The Wedding of the Year becomes an Autopsy of a Dark Confession.



Miss American and the charming prince walk straight into the worst American nightmare—and they don’t even see it coming.


If you are going to watch “The Drama” and you are familiar with Kristoffer Borgli’s previous works (“Sick of Myself,” “Dream Scenario”), you already know something disturbing is coming…and it won’t wait too long before the future bride, Emma, reveals the most terrible thing she did.


From the opening scene, a small detail kept playing with my mind: Emma is deaf in one ear—and you can sense it has something to do with what she’s hiding. Zendaya is just perfect for the role, balancing her sweetness with something that slowly turns deeply unsettling.



Just a few days before her wedding, she confesses something that completely shifts the ground under her fiancé Charlie (Robert Pattinson). He brings his goofy–rotten charm to a character that feels both endearing and slightly off—almost inviting you to trust him a little too easily.
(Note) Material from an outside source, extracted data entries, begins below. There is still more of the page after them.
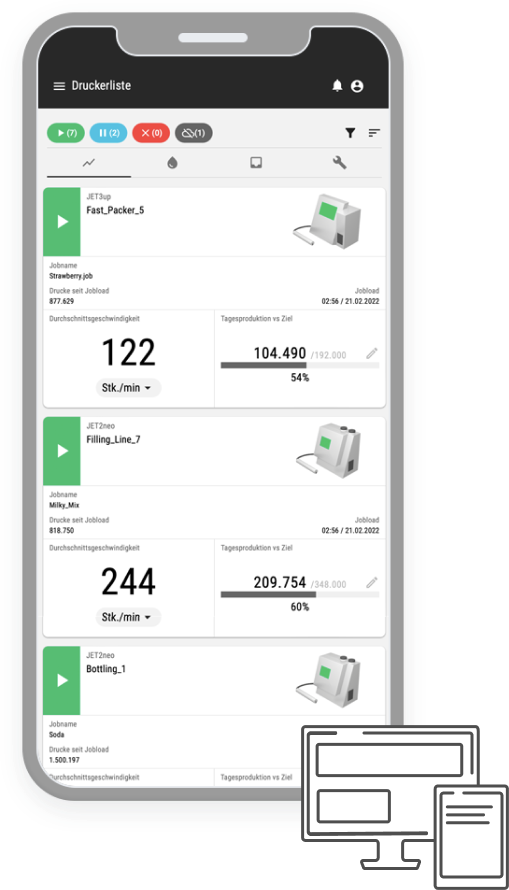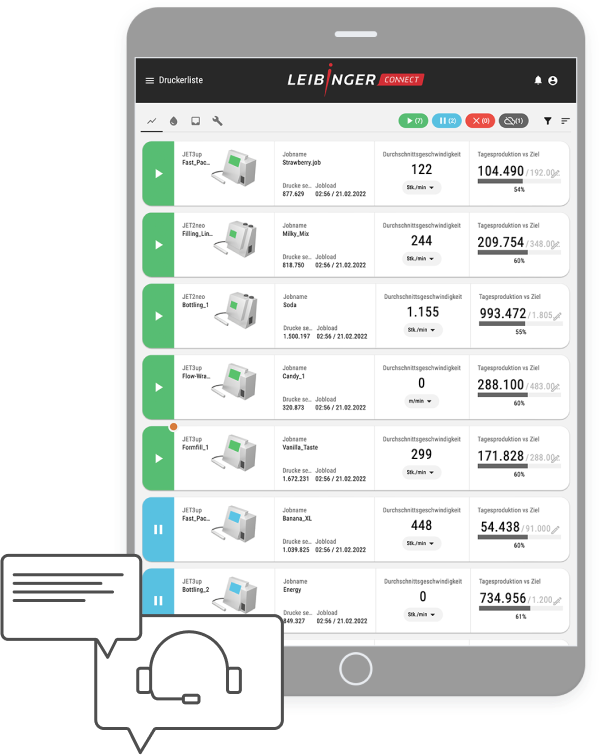 شما دسترسی متمرکز به دادههای پرینتر ارزشمند خود خواهید داشت. آسان برای درک، به راحتی قابل دسترسی است. پلتفرم Leibinger Connect مبتنی بر Cloud secure به شما امکان میدهد عملکرد چاپگرهای مختلف، خطوط تولید یا کل عملیات تولید را به وضوح نمایش دهید – و آن را با استفاده از تصاویر کلیدی معنادار مانند در دسترس بودن و میزان استفاده مقایسه کنید. از طریق URL در هر زمان، هر مکان و با هر دستگاه نهایی. در زبانه های مختلف، میتوانید تمام چاپگرهای متصل به سیستم، از جمله نماهای دقیق دستگاهها و کارهای مربوطه را مشاهده کنید. ارزیابی این دادهها رویکردهای مهمی را برای بهینه سازی فرآیندها برای افزایش کارایی فراهم میکند.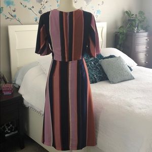 LAVENDER MULTI STRIPED SHORT SLEEVE TIE-FRONT MIDI DRESS. Looks great with boots, sandals or heels. Never worn, new without tags. No trades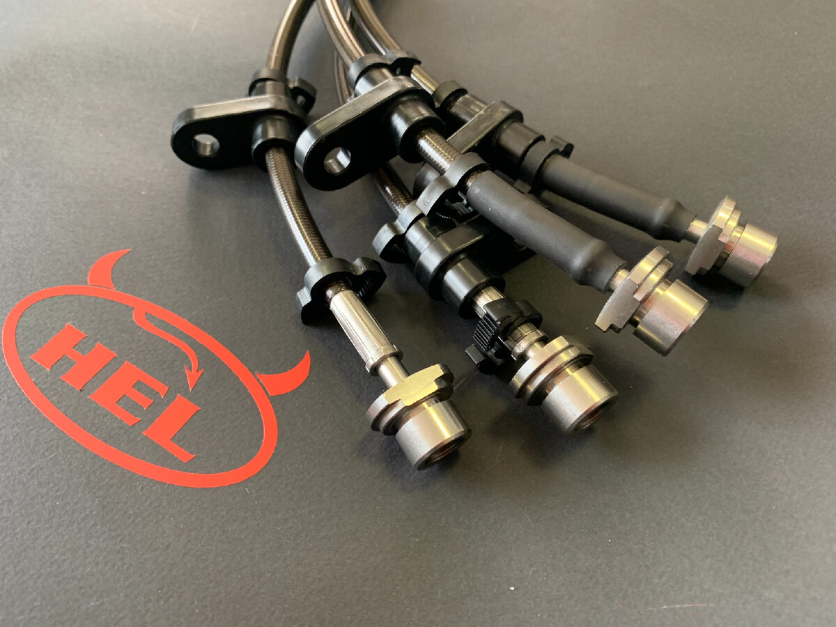 В этой статье хотим рассказать о пользе, которую можно получить от установки армированных тормозных шлангов. Есть 3 основные проблемы, которые помогают решить армированные тормозные шланги (это относится к автомобилям, по мото/квадро это отдельная тема) Этот, так называемый, рейтинг составлен менеджерами компании Hel Performance, согласно опросу среди покупателей. 1. Одной из самых частых причин покупки армированных тормозных шлангов является улучшение тормозных характеристик автомобиля. В чем тут дело? Как тормозной шланг может улучшить торможение? Вот в чем – армированный шланг (для упрощения шланги будем называть просто армированными, а стандартные резиновыми, хотя они тоже армированные) по сравнению с резиновым не расширяется при увеличении давления в системе. То есть при нажатии на педаль тормоза в автомобиле со стандартными шлангами вы сначала тратите время и усилие на «раздутие» шлангов, а только потом давите колодками на тормозные диски. Эффект от установки комплекта армирова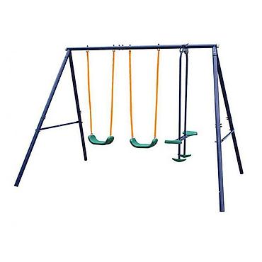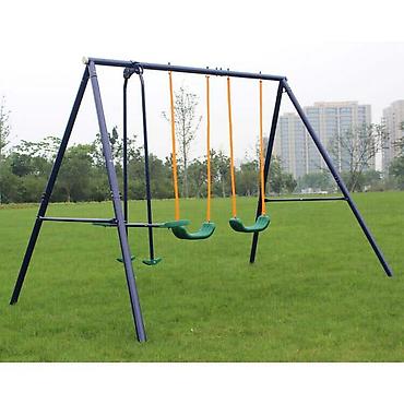 Čelična konstrukcija na kojoj se nalaze dve ljuljaške i klackalica.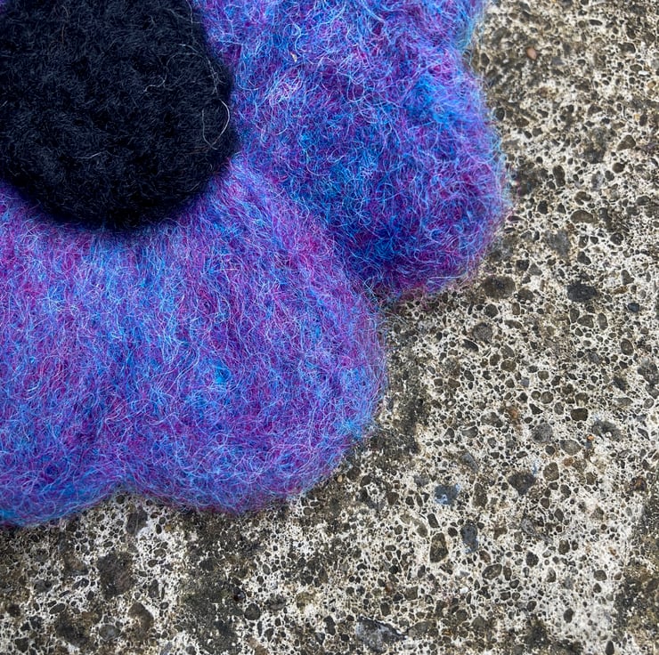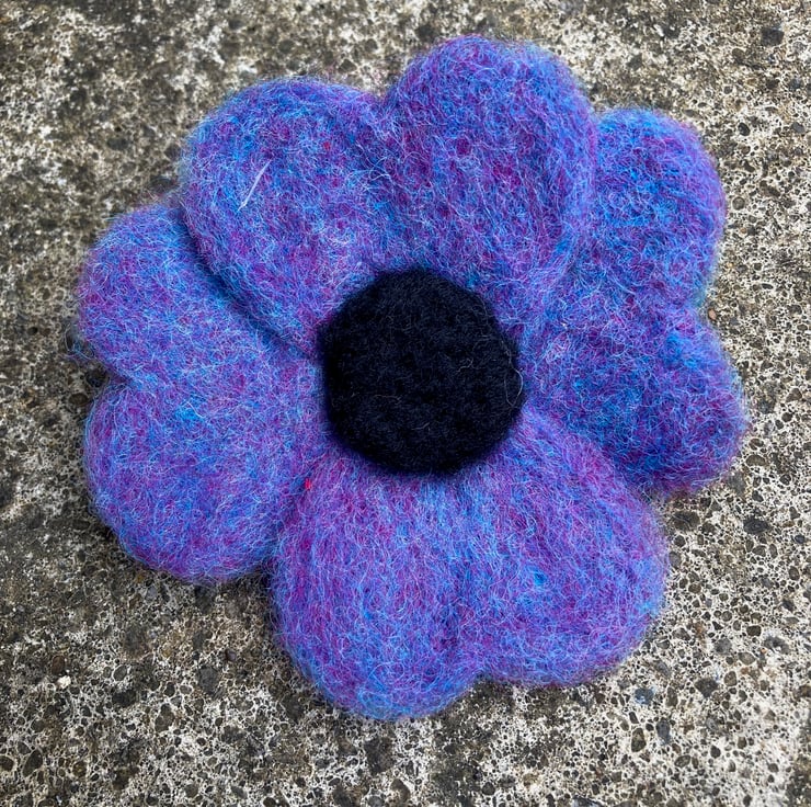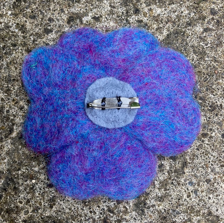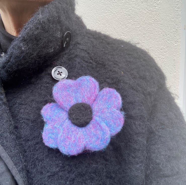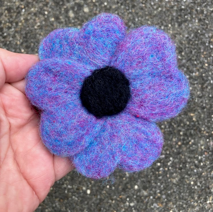 A striking flower brooch guaranteed to brighten any outfit. This large flower brooch has been needle felted using a blend of light purple and blue Corriedale woollen fibres with a black centre. Four heart shaped petals have been needle felted and assembled together and the black centre added. A silver tone brooch pin has been attached to the reverse. The flower measures approximately 9cm in diameter.

The Zendaya and Pattinson duo almost feels like a trap, pulling you in with the promise of a rom-com, only to dismantle that illusion piece by piece.


What the film does best is its exploration of how much you really know the person you trust the most, and how quickly your perception can collapse when a hidden truth surfaces—especially one so dark and unexpected that nobody prepares you to deal with it.


The two best friends of the couple, Rachel (Alana Haim) and Mike (Mamoudou Athie)—a couple as well, are inevitably pulled into the fallout—not just through Emma and Charlie, but within their own relationship, which begins to fracture under the same weight.


Rachel’s judgmental attitude toward Emma, while brushing off her own cruelty with an almost irritating lightness, exposes a contradiction that’s hard to ignore—and suggests that maybe everyone is a monsterEmma was just the only one honest enough to admit it.


What emerges is something disturbingly true—closer to reality than we would like to admit.



Borgli structures the film in a way that circles its discomfort, returning again and again to the same emotional wound.


He leaves no doubt about what the characters are thinking—everything feels exposed, tense, almost irritating—at the same time, there’s a lingering uncertainty about how reliable what we are seeing actually is, as if the film itself is questioning its own perspective.


The subject matter is heavy, and “The Drama” makes no effort to comfort you.


When Emma, drunk, makes her confession, it briefly left me disappointed—not because it wasn’t shocking, but because I had different expectations.


But in a nanosecond, that reaction shifted into something far more uncomfortable: thinking about the terrible news we hear every day, and how I would react if someone I trust said something like that to me.



At times, though, the film leans a bit too far into its dark humor, almost forgetting that when you introduce something this heavy, you can’t let the consequences sit quietly in the background.


From a narrative standpoint, this might be a smart way to give the audience space to breathe—the flashbacks, the blood-soaked moments, and the “dreaming thoughts” can become dense—but it also becomes one of its main flaws, especially toward the ending, which pulls back right when it should hit the hardest.


The intention is thought-provoking and structured, and in many ways, honourable—but the polished, almost neutral locations feel slightly at odds with the story…or maybe that contrast is exactly what makes it work, like a nightmare unfolding in a place that should feel safe.



Undeniably, “The Drama” would feel more honest—and even more compelling—if it fully confronted its own ideas. Instead, Borgli pulls back at the last moment. And when a film goes that far into darkness only to soften at the end, it risks making everything that came before feel a bit like misery porn without full commitment.


A good film that lingers—but more for the questions it raises than for the answers it dares to give.